I am betting you will be the best thing to happen to that boy.
 
Thanks y'all! Glad I'm not the only one that believes in proper disaplineing a kid!
And it's so true, when we was kids a good backhand would straighten us out in a jiffy! Now a days the kids want to threaten the parents with calling the cops on them for it! Haha! My son learned fast dad don't play that game. And neither do the cops here.
So far I've not really had to put foot to "fifth point of contact" yet. But there were a few times he came close to it.
Now one thing I am having a bit of trouble with his is mouth. He swears more than I do! And being a vet, that can be a lot! Lol.
Anyhow, he keeps trying to be slick n "get me" ... It doesn't work, old man has a lot more experience than he does. Hehehe.
I just have to keep in mind, 1: he's still just a kid. 2: he's MY kid. 3: I must keep my cool when dealing with him. (So as not to break him).
 
Old age and treachery will always overcome youth and skill.

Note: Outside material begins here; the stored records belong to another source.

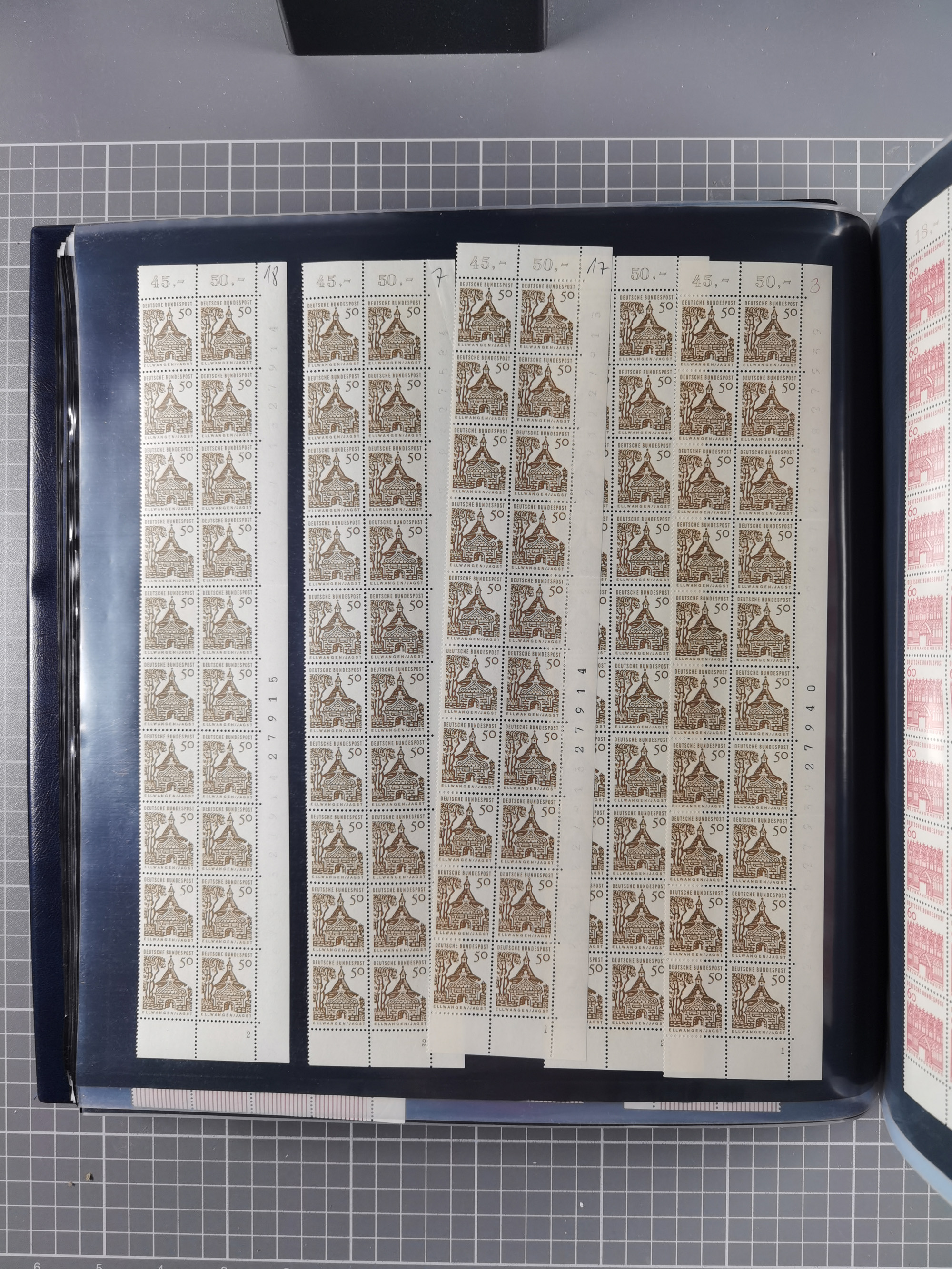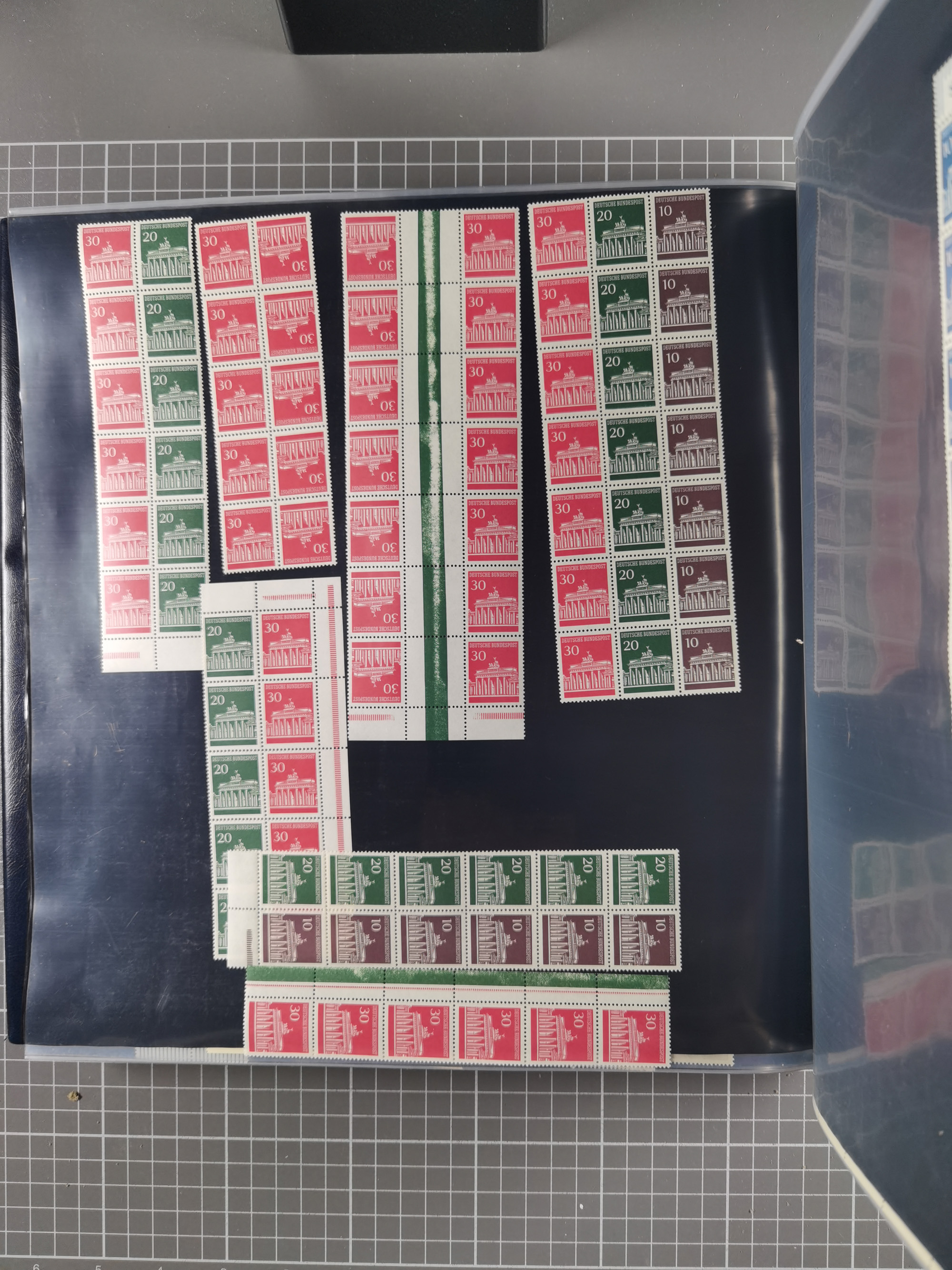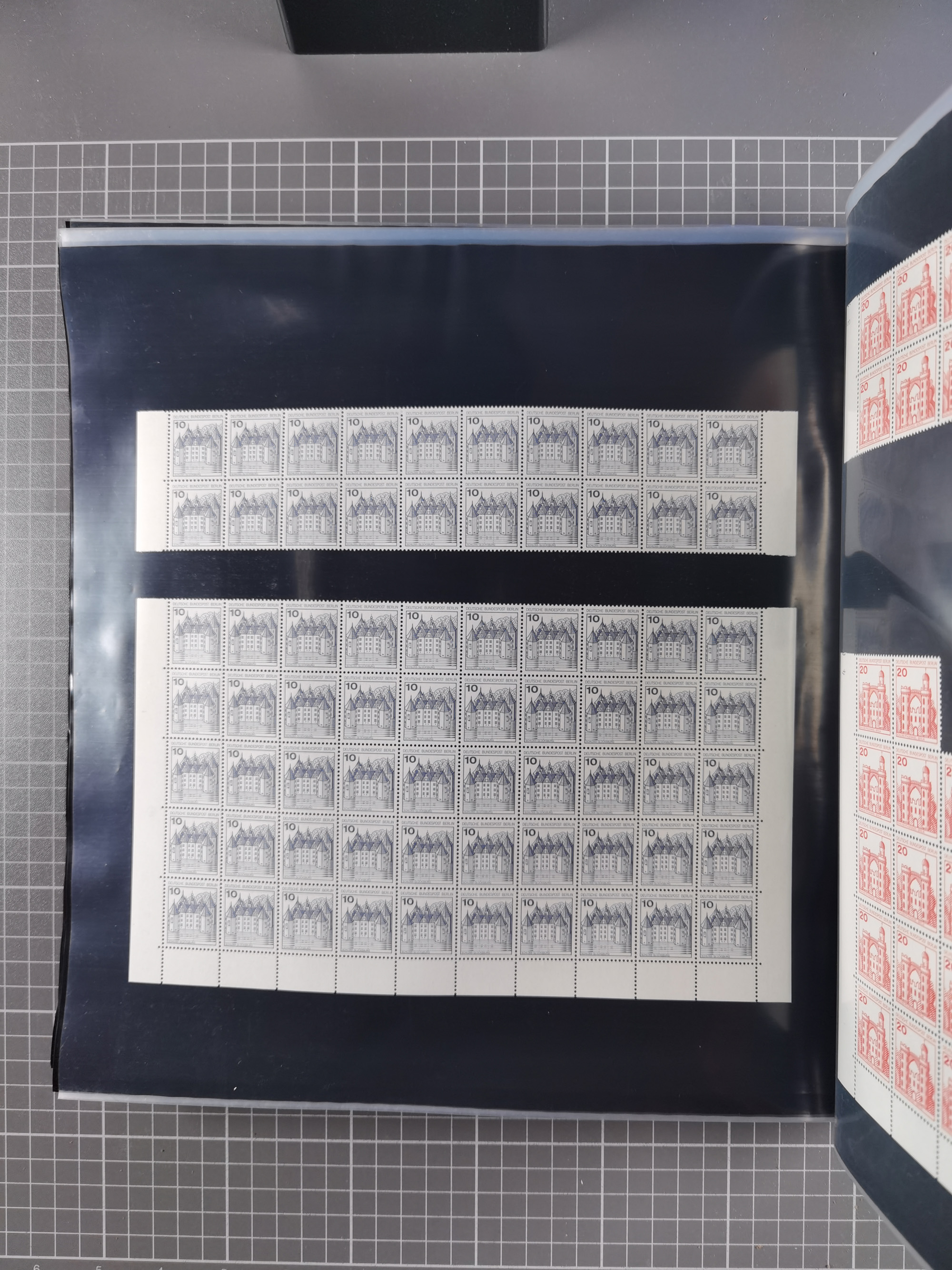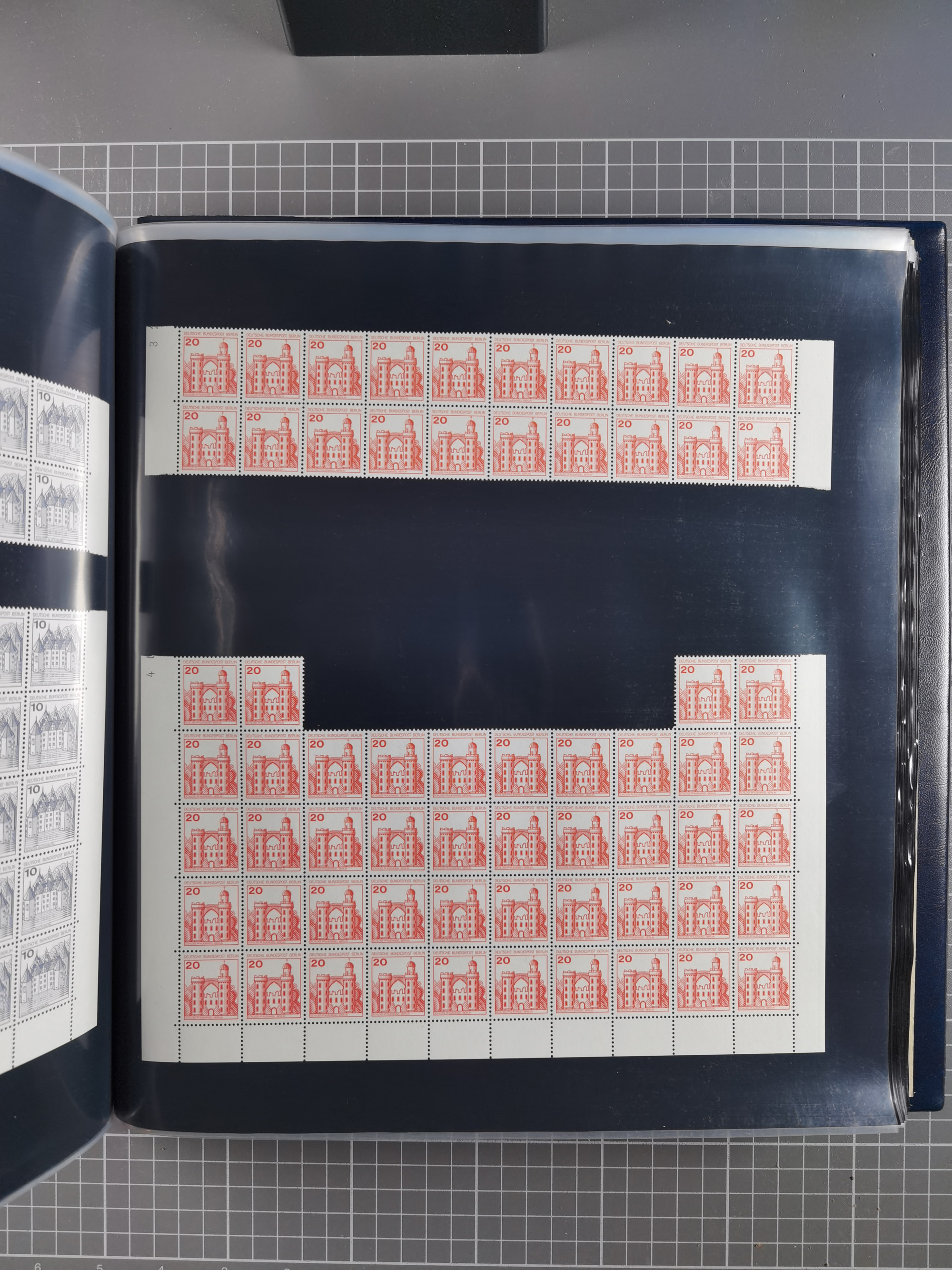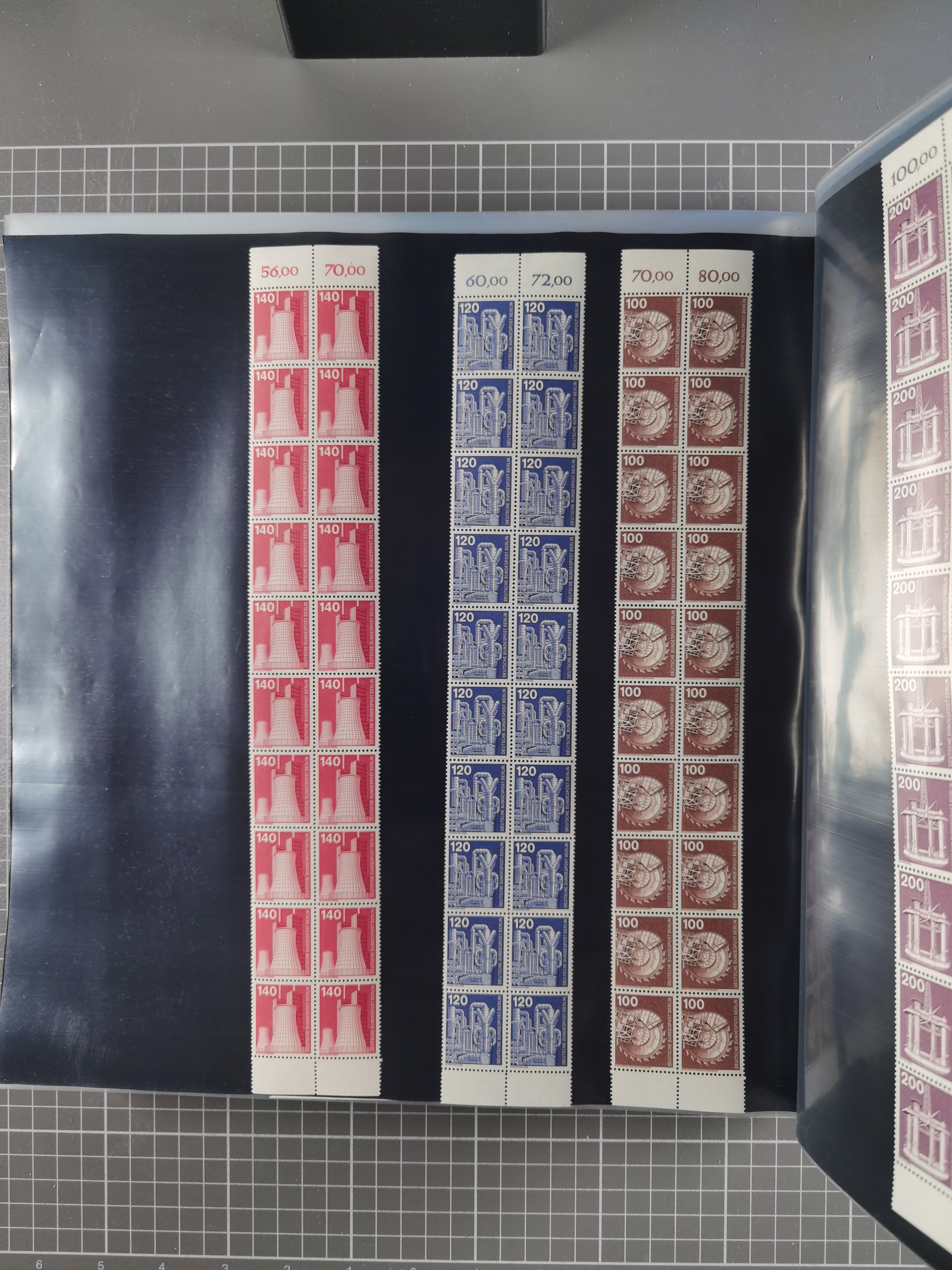 1960/75. postfrische Bogenteile der Dauerserien ab Bedeutende Deutsche, dabei Formnummern und Berlin mit u.a. Mi.-Nr. 246-49 jeweils im 20er-Bogenteil rechts mit 10 waagerechten Paaren, in Bogenmappe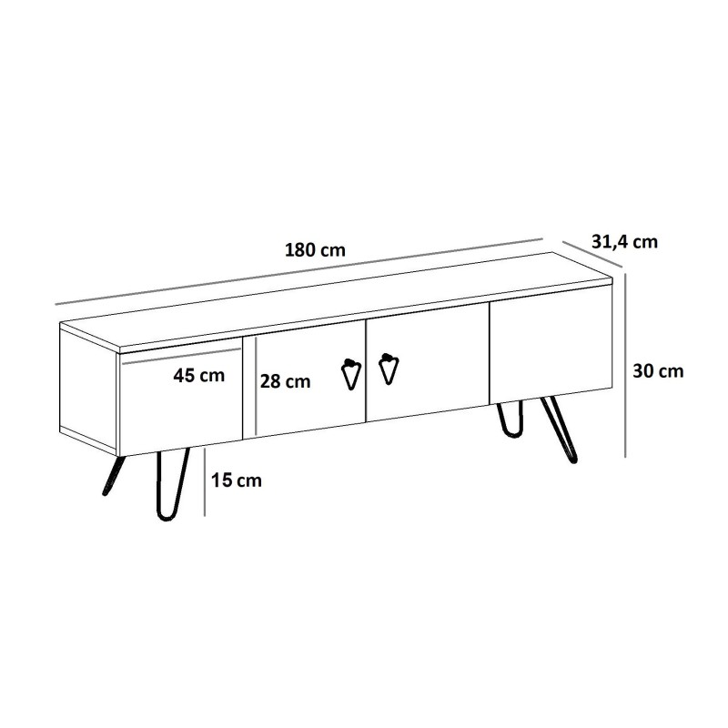 Πλάτος: 180 cm Ύψος: 30 cm Βάθος: 31,4 cm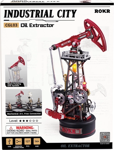 Vstupte do světa průmyslové éry s detailní 3D skládačkou ropného čerpadla, která nabízí realistický kývavý pohyb ramene, funkční převody s pístovým mechanismem a efektní LED osvětlení. Model v industriálním stylu je napájen přes USB, má 127 dílků a střední obtížnost, takže je skvělý jako dekorace, dárek i sběratelský kousek pro děti od 14 let i dospělé.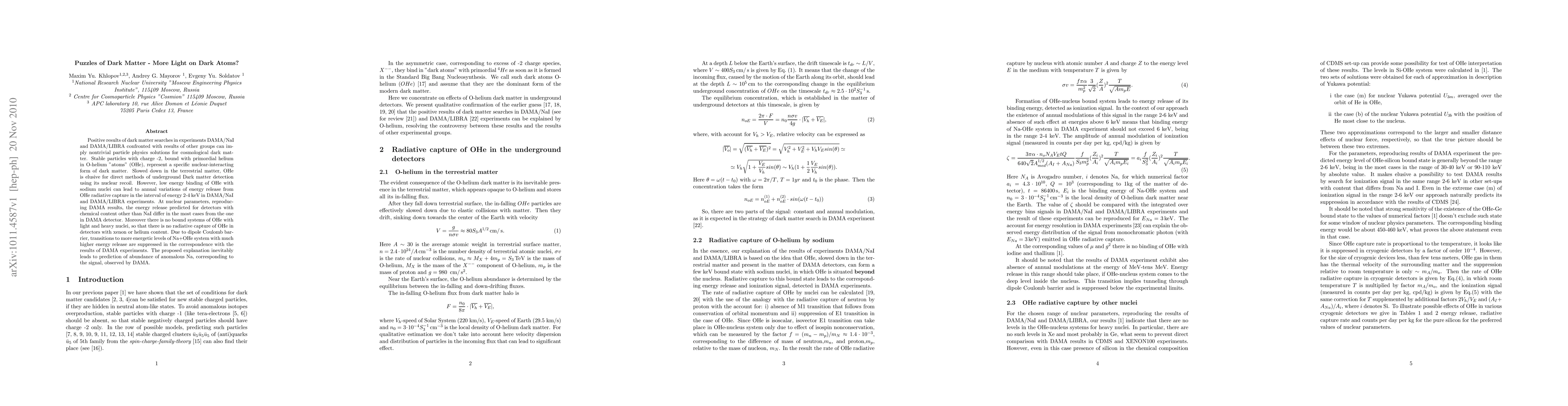 This paper explores the possibility of dark matter in the form of stable, charged particles (-2 charge) bound in O-helium "atoms" (OHe) that could explain positive results from DAMA/NaI and DAMA/LIBRA experiments. It predicts that OHe interacts differently with various detector materials, leading to distinct energy releases and explaining the discrepancy between DAMA results and other experiments.

There is a time and place even for breaking. That is the specialty of MCRD out here (Marine Corp Recruit Depot). They have no qualms about it. And then those they have broken they rebuild into men. As a vet you may have been through such an experience.

At fifteen it may be a challenge to wash out his mouth with soap, but you can darn sure demand that he drop and give you 20 every time he drops an f-bomb. And no, it does not matter that you are in the mall (or wherever). Gravel parking lots are the best. And yes, I do have all day, because you growing up to be a real man is a much higher priority than whatever else was on the agenda.

Keep up the good fight.
 
On the light side, my nephew would never get out of bed when I called to wake him up in the morning. I found a nice glass of ice water did the trick. It got where if he heard me coming down the stairs I the middle of the night, he would instantly wake up and get to his feet, even at 2am when I was just getting my clothes ready for a trip.

That was 30 years ago and I still get a chuckle about it.
 
Lol @Anak I understand the breaking you mean. Yes I've been through that breaking... But I'm meaning the permanent breaking, as I KNOW my strength & what I CAN do without even trying.... I have to keep myself in check to keep him out of the hospital or morgue!
Not that I'm Lue Farigno or the next Arnold Schwarzenegger , not by a long shot! Lol.
But I'll try that drop n give me 20 thing. My problem
Is that he's already been formed into a hood rat by the state & his mother. Now I have to undo 11 years of trash they put into his head. And teach him manners. Yes indeed, I've got my work cut out for me.
 
Old_man, that is funny. My wife (Hh6) had to take our daughter to the er tonight, they got home at 0100hrs (1am), he woke up & asked what time it was. I can only presume he was thinking it was time to get up for school. He's been waking up with an attitude, until HH6 says something or I wake up, then he straightens out rather quickly.
So I belie he knows which side of the bread the butter is on. Lol.
Pops done put a hurting on him once, he knows I'll do it again too. And I've got no qualms about it, he knows that too.
He's "tried" to put a few holds on me... Learned quickly that I've got more moves and experience than he could ever have.